Uploading of implementations with neither source nor binary file,about openml/openml

Comments (19)

ltorgo commented on June 7, 2024

A few comments here. To me what one uploads from R is a source file,
even if it contains a simple script calling a standard function in some
R package. Uploading the package makes no sense, I agree. In my opinion
this is not different from the other tools. For instance, a knime node
for me is equivalent to an R language function. You do not upload these
functions as you do not upload knime nodes. What you upload are knime
workflows, which basically are sequences of knime nodes. So what you
upload in R is the same, a sequence of R language function calls, i.e. a
script. If a script is simply a single function call, then one my wonder
whether it makes sense to share it, so I would say that "interesting"
scripts that are worthwhile sharing typically will do a bit more than
calling an out-of-the-box algorithm function that is already available
in some R package / function.

Luis

On 22-08-2013 01:48, berndbischl wrote:

When thinking about uploading our first experiments, I noticed that
sometimes I do not want to upload either a source file or a binary file.

This mainly concerns applying "standard methods" from libraries. E.g.,
when I apply the libsvm implementation in the R package e1071, I only
need to know the package name and the version number. Uploading the
package itself (in binary or source form) makes no sense, this is
hosted on the official CRAN R package server.

I /could/ upload a very short code that uses this package and produces
the desired predictions. Actually there are a few more subtle
questions involed here and it might be easier to discuss them briefly
on Skype, I would like to hear your opinions on this.

The question basically is, how much we want to enable users that
download implementations to rerun the experiments in a convenient fashion.

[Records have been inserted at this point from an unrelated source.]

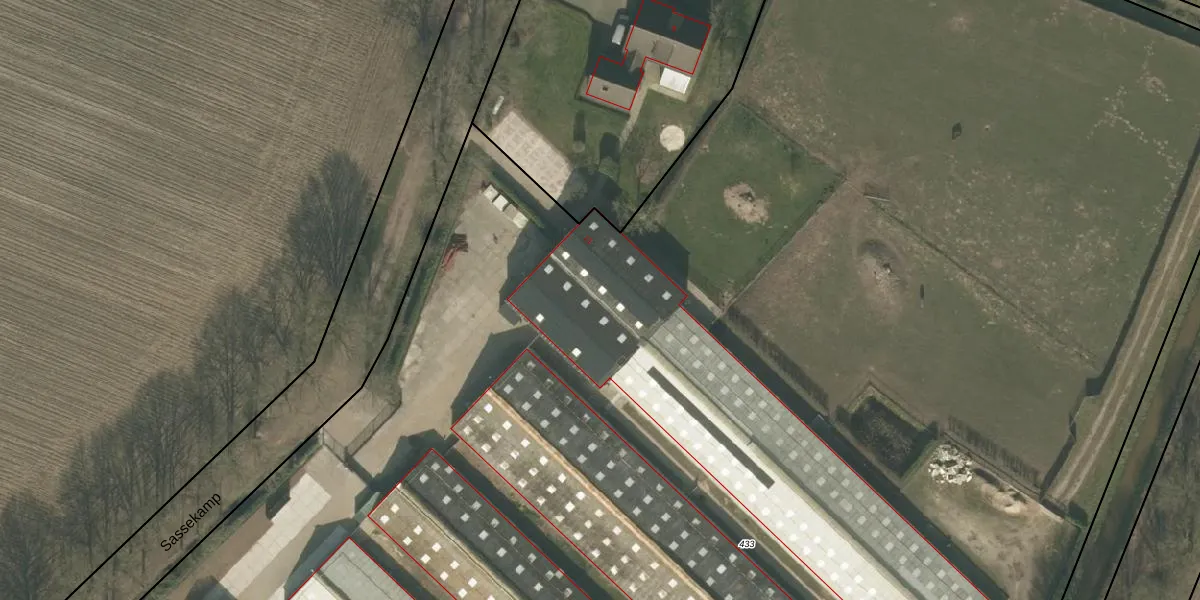 Het perceel waarop Sassekamp 11 staat heeft een oppervlakte van 2,1 ha. Dit is een zeer groot perceel. De perceeloppervlakte wordt geregistreerd door het Kadaster. Gedetailleerde informatie over de maten van dit perceel kunt u vinden in het rapport Kadastrale kaart met maatvoering van Sassekamp 11.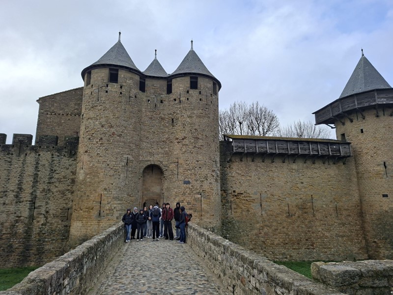 Nach erfolgreicher Projektarbeit sowie Präsentationen zu unserem Thema: „80 Jahre danach – 80 après: Regards croisés sur la Résistance française et le Widerstand allemand“ und einem sehr guten Kantinenessen ging es nachmittags zusammen mit den französischen Austauschpartnern mit dem Bus in die mittelalterliche Festungsstadt Carcassonne. In Carcassonne erhielten wir eine Führung –en français naturellement – durch die beindruckende mittelalterliche Festungsanlage und das Schloss. Auch wenn ein eisiger Wind durch die Altstadt fegte, war die Cité, die zum UNESCO-Weltkulturerbe zählt, auf jeden Fall einen Besuch wert !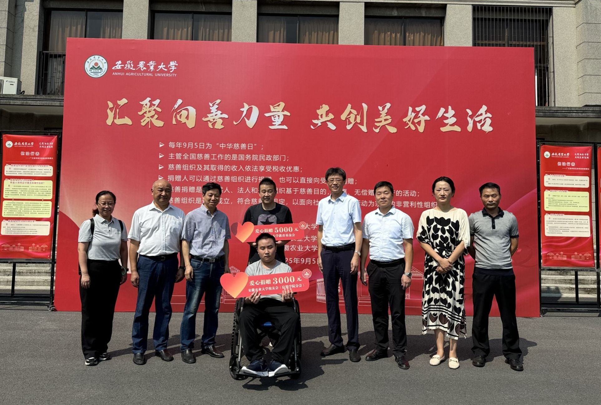本网讯 9月5日,正值我国第十个“中华慈善日”,我校教育基金会、校友会联合校团委组织开展了以“汇聚向善力量 共创美好生活”为主题的慈善文化宣传活动。校教育基金会理事长裴树东、校友会副会长韩军以及校友会、信息与人工智能学院相关负责同志参加活动。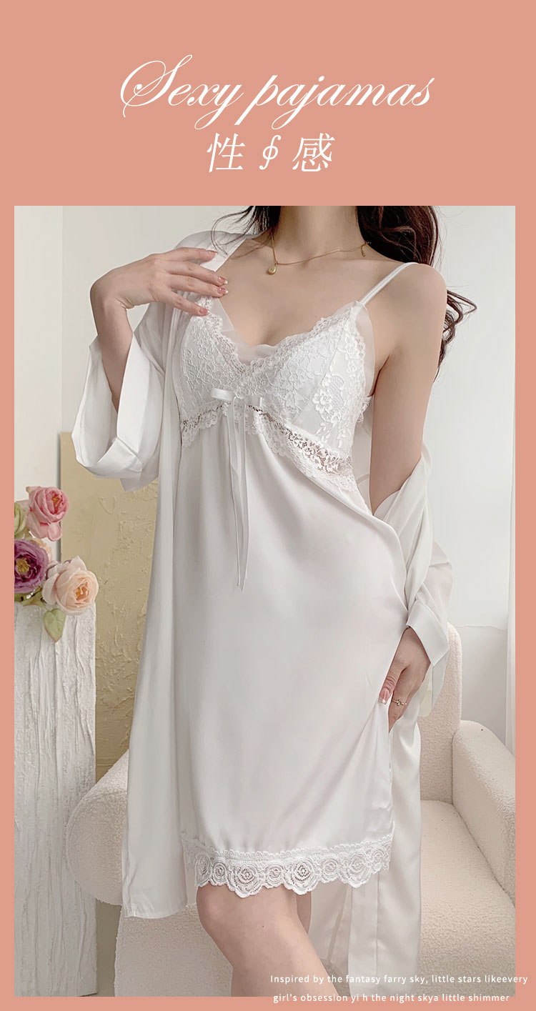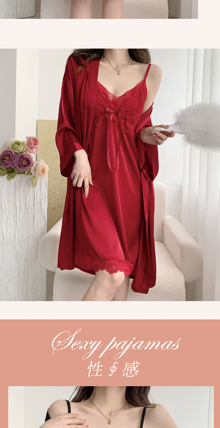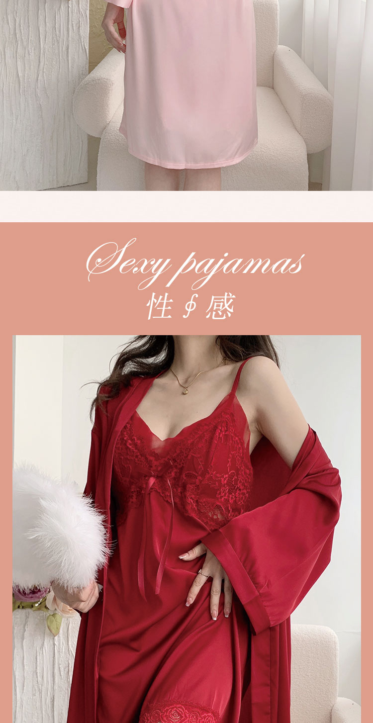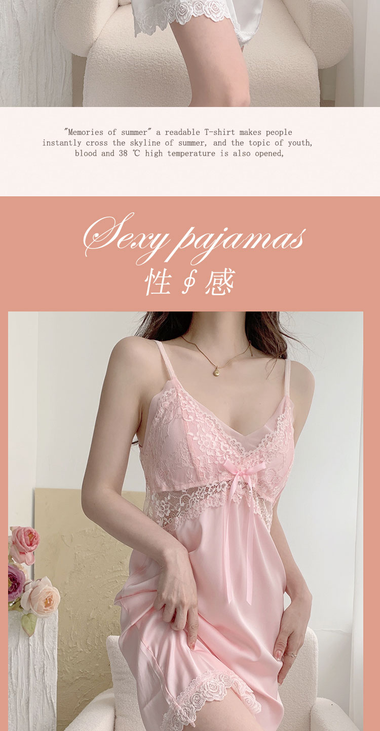 잠옷 여성용 봄과 가을 아이스 실크 2023 새로운 섹시한 얇은 투피스 세트 가슴 패드 슬링 잠옷 여름스토어 가기
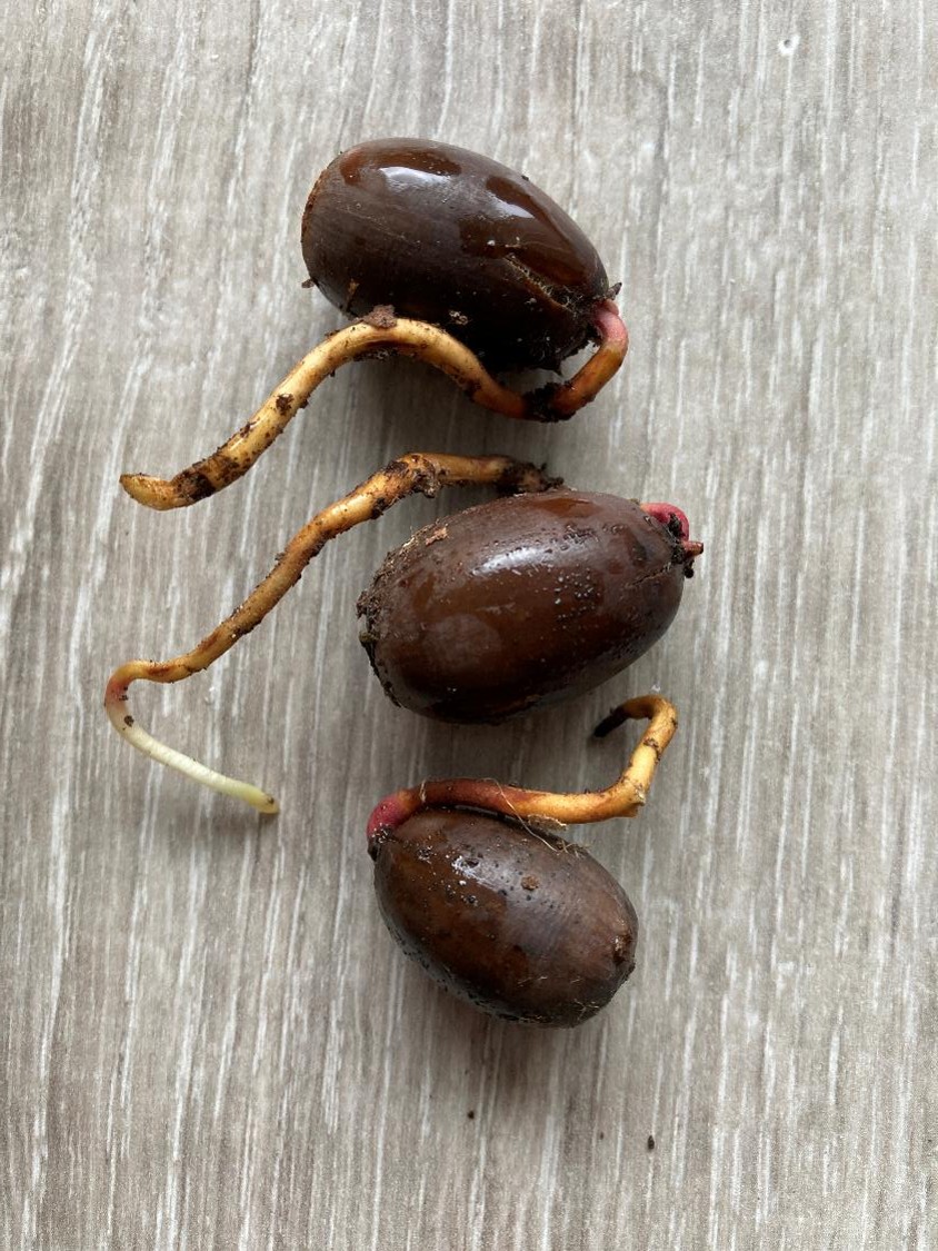 Acorns of Quercus petraea from the Vosges Mountains germinate in the autumn. Squirrels will not eat acorns that have already germinated and started to use up their food supply. This is an evolutionary strategy for escaping from herbivorous “seed predators.” The little seedling overwinters, then the stem and leaves emerge in the spring.

Reply to this email directly or view it on GitHub
#22.

from openml.

joaquinvanschoren commented on June 7, 2024

I have been thinking about this as well. Here is what I propose:

Currently, dataset/implementation upload requires a file (binary or dataset). This does not always make sense. Sometimes the code or dataset is hosted elsewhere (CRAN, SourceForge,...), or the dataset is too big to store, or the dataset comes from a webservice, or the user only wants to host the implementation/dataset on her own server. In all those cases, it should be possible to just provide a url. The server should then check if it is a valid resource and perform a checksum to see if the version hasn't changed.
When your run uses a standard library method (e.g. libsvn from package X), you upload it as an implementation with name, version, description and a url. That url could, for instance, point to a file on CRAN.
The more I think about it, the implementation name-version combo's seem like a bad idea. Maybe implementations should just have a numerical id (1,2,3), like the datasets, and a separate name and version. You then check whether an implementation exists by giving a name and version separately, or just by giving the id number. Storing implementation using a simple id also helps with fool-proofing. Sometimes a method version remains unchanged while the library changes, which may actually provide a different result. Thus, a new implementation id should be created if the library version changes. Also, a user may have changed the code without changing the version number. We could catch that by doing a checksum on the source/binary. If the checksum changes, it should also produce a new implementation id.
The call you do to start a procedure is not something we currently store, but I think this is valuable information for novice users who are less familiar with the libraries/tools used, or when we want to automatically rerun experiments (not a current requirement but good if we store the information for that). My proposal is to NOT upload a new implementation for that, but to add a new optional attribute to the run upload, say 'start_command', where you state how you start the procedure. This should probably not be required, as I can imagine situations where there is no call (e.g. tools without a CLI).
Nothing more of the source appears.